Intersection tolerance for connectivity

Sometimes two ways should be joined together but they do not share a node. In order to compute connectivity one must assume an intersection tolerance. Is there a standardized tolerance value that is recommended?

Better to fix the OSM data than overcome faults in it with algorithmic methods.

Ways can be very close without having an intersection, for example when separated by a wall or fence. Assuming connectivity here will introduce additional errors. It is generally better to fix the data than to introduce some random guessing about the original intention of the mapper. Having an intersection tolerance might fix some of these problems but cannot fix all of them and might even introduce new ones.

+1 for all above. Since OSM data is free to edit, we prefer to fix the connectivity errors than making some assumptions introducing other errors.

+1
and with tools like keepright and JOSM-validator it’s very easy to find this kind of data errors.

I guess people are not understanding the issue, so let me rephrase.

I’ve observed that there are four different methods for specifying connectivity of ways in OSM:

  1. Ways that share a node with each other (this is about 20%)
  2. Ways on the ground layer that overlap (ie, intersect) each other (this is probably about 30%)
  3. Ways that come close to intersecting (this is about 60%).

The percentages are my rough guess approximations based on my work over the past several months in building a new routing algorithm on top of OSM. I haven’t actually calculated the true percentages.

Case #3 occurs almost any time there is a road with a side street coming off it. The side street is created second after the main street, and nobody bothers to break the main street into two ways and join them with a node at the intersection. They don’t make the side street having an actual intersection because this would cause, effectively, a short “virtual” side street on the opposite side. It is impossible with floating point arithmetic to expect that it exactly intersects without slightly going over. Therefore, tolerances are needed.

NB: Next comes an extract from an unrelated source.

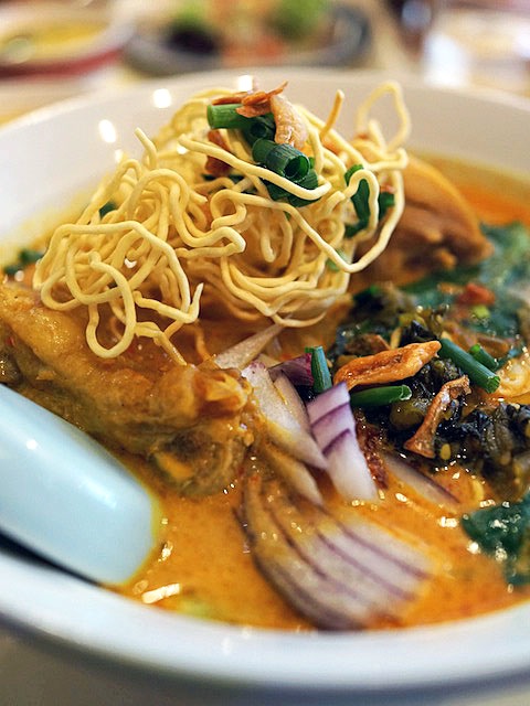 カレースープの中に沈めた麺の上にパリパリに揚げた中華麺。
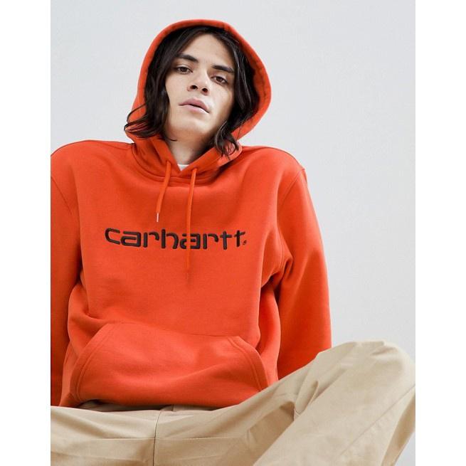 Carhartt WIP 經典LOGO刺繡連帽長袖 橘紅 embroidered hoodie in orange

The point is that it is not common practice in OSM to join ways via a node. This is not common practice because it is not obvious to the people who contribute, and hence, it cannot be assumed to be that way all the time. I am not going to build a broken routing system that ignores 60% of the connections just based on the principle that “they should have done it differently”…

So, with that said, an intersection tolerance must be set by anyone who converts OSM into a graph structure, and for this purpose there should be a standard tolerance, so that we can say “if the intersections is less than this amount, then it is good data; if it is more, then it is bad data.”

Currently I’m using 1 meter as my tolerance.

Method 1 above is the only one considered as a connection by the OSM data model and AFAIK by the currently existing OSM based routing engines.

Method 2 is flagged as an error by most QA tools as long as both ways are not at different layers, because then you can not decide if the ways actually connect and someone forgot the connecting node or they cross each other on different levels and someone forgot the layer tag.

Method 3 is flagged as an potential error by most OSM QA tools, because ways coming very close but not connecting do exist, but edit errors exist more often.

The percentages you observed for the different connections do not match my observations; it might be that the area you are working on has particulary bad data.

Good to know.

This is supposed to be the only method for specifying connectivity of ways in OSM, and in regions with a sufficient number of experienced, active contributors, this will be applied correctly in well above 99% of intersections.

Yes, it happens that new contributors don’t understand connectivity requirements, but that’s not the main cause of connectivity errors. These types of errors are very prevalent precisely in those areas where most data is not created by human mappers, but imported.

Are you using import-derived data for testing your system? Say, data from the USA, particularly from one of the parts of the USA where most roads are still TIGER data? That might explain why you observe a number of errors which would be uncharacteristically high for data in regions with a high mapper density.

If you want to build a routing system that works with OSM data even in those parts of the world where our data is mostly broken, then you probably need to use heuristics like that. Naturally, since this is not the intended way of mapping, you won’t find any recommended tolerance values.

But if you are ever going to publish software based on your routing system, please switch the heuristic off at least in those parts of the world that are generally well maintained. It will inevitably introduce some new errors (say, routes jumping over a wall or down a cliff), and I wouldn’t want contributors to feel compelled to “fix” entirely correct data.

Also a piece of more specific advice: If a node or the way containing it has a noexit=yes tag, then you certainly should not apply any proximity-based heuristics. These tags are also used by quality checkers such as JOSM validator to rule out accidentally incorrect connectivity (basically, a mapper can override false positive “these nodes are very close to each other, are you sure the ways are not connected?”-style warnings with that tag), and can therefore sometimes be found on very close, but unconnected, way end nodes.

Based on this feedback I’m going to switch back over to the strict method of connections without using heuristics in order to do a more thorough evaluation. If the level of errors overall is much lower than I thought then we’ll just fix them manually. Thanks guys!